* [Task objective]: Please restate every line below exactly, without any pictures.
Information shown Start Marker
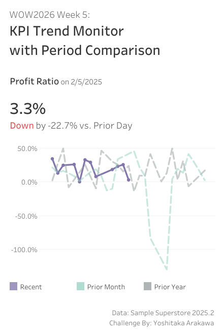 Thanks to tools like Tableau MCP, AI can now handle deep-dive data analysis for us. Ask it “why is this metric dropping?” and you’ll get a pretty solid answer. But before that step — noticing that something looks off in the first place — that’s still on us, looking at a dashboard. This week, let’s build a dashboard that helps you quickly spot KPI movements and think “hmm, maybe I should look into this” — a trigger for deeper analysis.
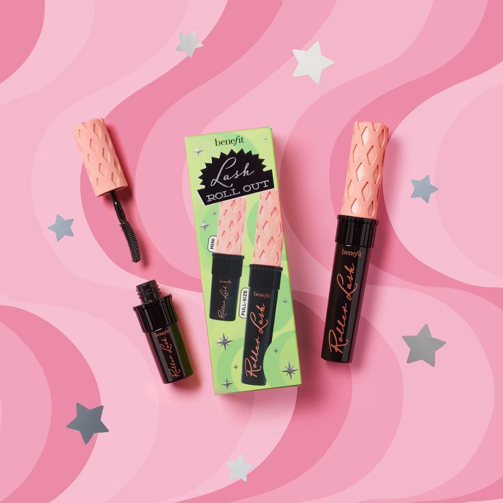 Achieve beautifully lifted and curled lashes with the Benefit Cosmetics Lash Roll Out Mascara Set, featuring both a full-size and mini-size Roller Lash Curling & Lifting Mascara. This dynamic duo effortlessly enhances your lashes with its innovative Hook βnβ Roll brush, delivering precision curl, lift, and definition. Perfect for everyday elegance or on-the-go touch-ups.
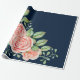Pink Flowers Blue Wrapping Paper
Information shown End Marker
* [Response below]:
 Thanks to tools like Tableau MCP, AI can now handle deep-dive data analysis for us. Ask it “why is this metric dropping?” and you’ll get a pretty solid answer. But before that step — noticing that something looks off in the first place — that’s still on us, looking at a dashboard. This week, let’s build a dashboard that helps you quickly spot KPI movements and think “hmm, maybe I should look into this” — a trigger for deeper analysis.
 Achieve beautifully lifted and curled lashes with the Benefit Cosmetics Lash Roll Out Mascara Set, featuring both a full-size and mini-size Roller Lash Curling & Lifting Mascara. This dynamic duo effortlessly enhances your lashes with its innovative Hook βnβ Roll brush, delivering precision curl, lift, and definition. Perfect for everyday elegance or on-the-go touch-ups.
Pink Flowers Blue Wrapping Paper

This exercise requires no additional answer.